The Court of Appeal considered that the key assertion in the Greek proceedings was that the claims were non-contractual claims while the key assertion in the insurers' newly issued proceedings in the English courts was that the non-contractual claims had already been resolved by the settlement agreements. Therefore, the Court of Appeal held that there was an identity of issues between the proceedings and, as there was considerable risk of inconsistent judgments if one set of proceedings was not stayed, it was bound (as the court second seised) to stay the English proceedings under Article 27 of the Judgments Regulation. The summary judgments granted at First Instance were set aside. The Court of Appeal made no final determinations on Article 28 of the Judgments Regulation. It was left to the Greek courts, as the courts first seised, to determine whether the English exclusive jurisdiction clauses under the settlement agreements should be adhered to, and whether the Greek proceedings should be stayed.

Supreme Court

Supreme Court, 6 November 2013

The insurers appealed the decision of the Court of Appeal and the insureds cross-appealed on the point of Article 28 of the Judgments Regulation. The Supreme Court considered the position under Articles 27 and 28 of the Judgments Regulation.

In relation to Article 27 of the Judgments Regulation, the Supreme Court stated that the essential question was whether the English and Greek proceedings were mirror images of one another and thus legally irreconcilable (in which case Article 27 would apply) or whether they were not incompatible (in which case it would not apply). The analysis of the Supreme Court was to disregard any defences raised to the claims and consider only the claims themselves; comparing the cause and the object underlying the claims to see whether they were the same.

In the leading judgment of Lord Clarke (with which the majority of the Supreme Court agreed), the new English proceedings were described as being brought under three heads, namely an indemnity claim, a claim under the exclusive jurisdiction clauses, and a claim under the release provisions of the settlement agreements. The Supreme Court determined that the legal basis for the English proceedings was contractual as opposed to the Greek proceedings which were tortious. Therefore, Article 27 of the Judgments Regulation was found not to be applicable to the English proceedings.

The Supreme Court noted that where the insurers sought a declaration of non-liability through the English proceedings, this would in effect be a mirror image of the Greek proceedings and the Supreme Court would refer the question to the CJEU as to whether those declarations involve the same cause of action as the Greek proceedings. In any event, the insurers abandoned any claim for such declarations and no referral was required to be made to the CJEU.

In relation to Article 28 of the Judgments Regulation, the Supreme Court noted that only those courts other than the court first seised have discretion to stay. It was not in dispute that the English and Greek proceedings were related. The issues the Supreme Court considered were whether the English court was first seised and, if it was not, how the discretion should be exercised. The Supreme Court found that the English court was first seised through the 2006 Proceedings4 either to the extent that they were unstayed or whether they remained stayed, and nothing had occurred subsequently from which it could be inferred that the English court was no longer seised.

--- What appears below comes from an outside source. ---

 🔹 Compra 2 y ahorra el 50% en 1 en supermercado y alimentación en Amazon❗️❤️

The Supreme Court also rejected Starlight's argument that the Greek proceedings were new claims and thus new proceedings. The Supreme Court held that it was only necessary to consider the 'proceedings' and not the 'issues' in relation to claims in the context of Article 28 of the Judgments Regulation. To the extent that the English and Greek proceedings were related, the English court would be considered the court first seised in this case.

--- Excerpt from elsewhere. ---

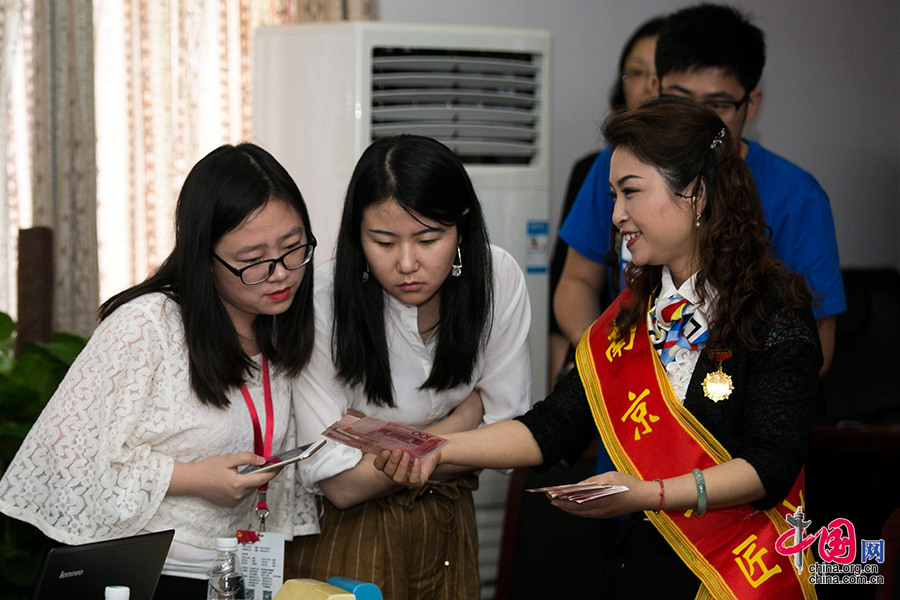 陶萍向现场记者介绍快速辨识假币的方法。中国网记者 董宁摄影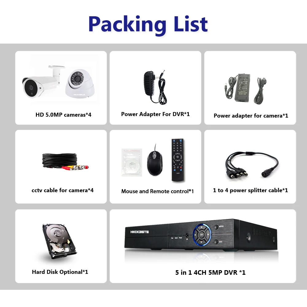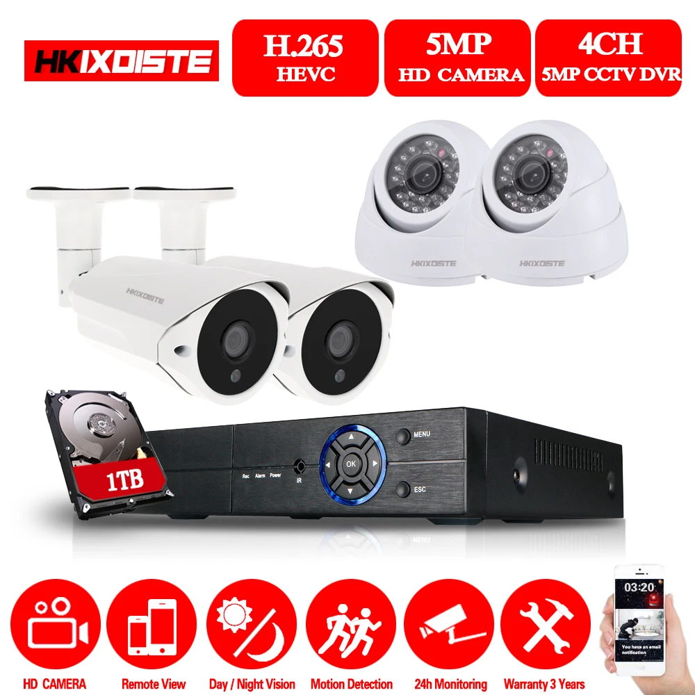 HKIXDISTE 5.0MP Security Camera System 5MP CCTV Surveillance Kit 4CH DVR 5MP Video Output Kit 40m N

The Supreme Court further considered the issue of discretion under Article 28 of the Judgments Regulation on the assumption that the English court was second seised. On the facts of the case, given the close relationship between the claims in England and the subject matter of the claims in Greece, the fact that issues in the English proceedings raised contractual questions under English law, and the English proceedings were more advanced than the Greek proceedings, the Supreme Court found that it would refuse a stay under Article 28 of the Judgments Regulation. Lord Clarke also confirmed that, when dealing with Article 28, an exclusive jurisdiction clause in favour of the court second seised would be "likely to be a powerful factor in support of refusal of a stay".

On a procedural note, the Supreme Court also confirmed that the English courts are not required to consider an application for a stay made under the Judgments Regulation where the application is not made in accordance with the requirements of English civil procedure, e.g. if it is made late.

Arbitration clause found to be effective despite an exclusive jurisdiction clause for the courts of Kenya

British American Insurance (Kenya) Ltd v Matelec SAL & Anor5Commercial Court, 29 October 2013

The High Court decided that despite an inconsistent provision in a single contract of insurance and reinsurance which seemingly granted exclusive jurisdiction to the courts of Kenya, a London arbitration clause was binding on the parties.

Background

The Claimant, British-American Insurance (Kenya) Limited ("BAIC"), an insurance company carrying on business in Kenya commenced two arbitration claims against the Defendants, Matelec SAL, a Lebanese company and Thika Power Limited, a Kenyan company, for an order under the Arbitration Act 1996 appointing an arbitrator, and an injunction to prevent the Defendants commencing proceedings other than by way of arbitration under the contract. The contract in question was agreed by the parties to be a single document which constituted both a contract of insurance for cargo and delay startup, and a contract for reinsurance of that risk. Under the reinsurance contract BAIC only retained 5% of the risk. The combined document did not make clear which clauses referred to which contract, solely the insurance contract, solely the reinsurance contract or both.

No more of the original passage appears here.